Most corpora (large collections of searchable text) want to show what's going on with the informal, more "spoken" variety of a language, as opposed to (or at least in addition to) more formal fiction, newspapers, magazines, or academic writing. This is hard to do, however, since it is very time-consuming and expensive to create a large corpus of the spoken language, because of the effort in recording, transcribing, and then annotating the texts.

As a result, spoken corpora tend to be quite small. For English, for example, the MICASE, CALLHOME and CALLFRIEND corpora are all between about 1 and 2 million words. Even the largest corpus of "everyday, conversational" English is only 5 million words -- in the British National Corpus. In additional to the small size, most of these corpora are now a bit dated as well -- they are from 15-25 years ago -- in other words, almost a full generation ago.

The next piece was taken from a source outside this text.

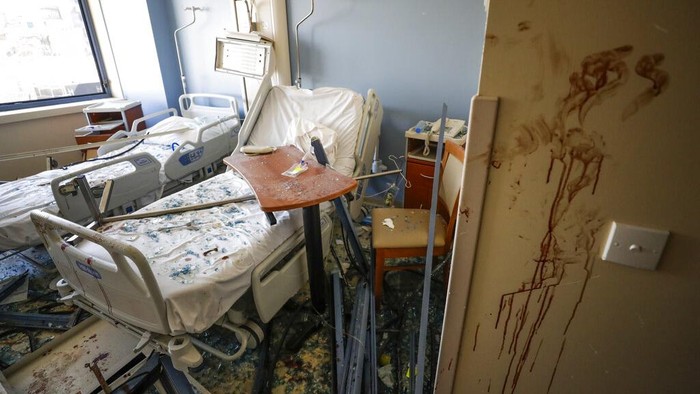 Beirut - Sebuah rumah sakit di kawasan Beirut, Lebanon, rusak berat akibat ledakan besar yang terjadi di kawasan tersebut. Berikut penampakannya.

The Corpus of Contemporary American English (COCA) is much larger and more recent than these other corpora. COCA contains 95 million words of spoken English -- 5 million words each year from 1990 to the present (2012). These transcripts are for unscripted conversation on TV and radio programs like Good Morning American, the Today Show, All Things Considered, and Oprah. Unfortunately, the conversations often don't deal with "everyday" topics, but rather they often deal with politics, the economy, science, business, entertainment personalities, and other current events.

Some researchers have hit upon an interesting approach. In projects like SUBTLEXus, rather than using transcriptions of actual recorded speech, they use subtitles from movies and TV, on the theory that the dialogue in most TV shows and movies represents the spoken language pretty well. As nice as this data is, however, it only gives the frequency of individual words -- you can't search for phrases, grammatical constructions, collocates (nearby words), etc.

The new SOAP corpus -- based on American soap operas -- is designed to provide the best of these different approaches. In terms of size, the corpus is very large -- 100 million words. It is also very recent -- all of the texts are from 2001 to 2012. And like SUBTLEX, we would suggest that subtitles from informal TV shows and movies does represent the informal, everyday language quite well -- especially soap operas. The topics of the episodes deal almost exclusively with "everyday life" -- love, hate, jobs, kids, crime, desire and passion. Finally, since SOAP is a full-blown corpus, you can go beyond simple word frequencies to look at grammar, collocates, and so on.